- Swipe price fails to identify a rising wedge conclusively.
- SXP is connecting the cryptocurrency and fiat worlds.
- Three-day Relative Strength Index (RSI) flashing a bearish momentum divergence.
Swipe price has been wedging higher since mid-February until the April 10 breakout into all-time highs. The bearish reversal on April 10 combined with another bearish reversal today should caution traders that the upside will be limited in the short-term, and the potential for a deeper correction is now present.
Swipe price first needs a deeper correction
It is correct to point out that it can take various attempts to overtake a previous all-time high, but when the crack is on waning momentum, as is the case with SXP, the odds of success get ratcheted down.

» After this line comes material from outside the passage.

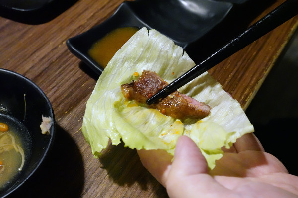 高麗菜葉就是清爽派的代表,鮮脆多汁,一片大葉子包著燒肉、再加一點醬料或蒜片,咬下去爽脆感直接中和掉肉的油膩,反而更耐吃。尤其大口咬下去的時候,那種清脆聲響,根本就像吃生菜堡一樣療癒。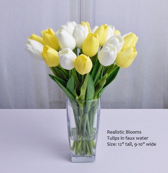 Outfitted with a water illusion insert the nearly natural artificial tulips arrangement in glass planter looks just like an arrangement of freshly cut flowers. There are many sizes colours and other details to ch.

The Swipe RSI has been in a downtrend since the high in early February. Momentum is not on the side of a sustainable rally beyond 2020 high.
SXP may oscillate around the 2020 high at $5.14 for a few more days, but the working thesis forecasts a correction to at least the rising trendline from the February low at $3.38, a decline of nearly 30% from the current price. Not far below is the 50% retracement of the rally beginning in December 2020 at $3.07.
A deeper correction should find support at the near convergence of the late March low at $2.54 and the 61.8% retracement level at $2.48.
SXP/USD 3-day chart
Of course, if some speculators did add to positions on the breakout, they need to be mindful that the drift could continue longer and may even test the 138.2% extension at $6.90 before finally reaching exhaustion. The key is to give a little space to SXP to prove itself.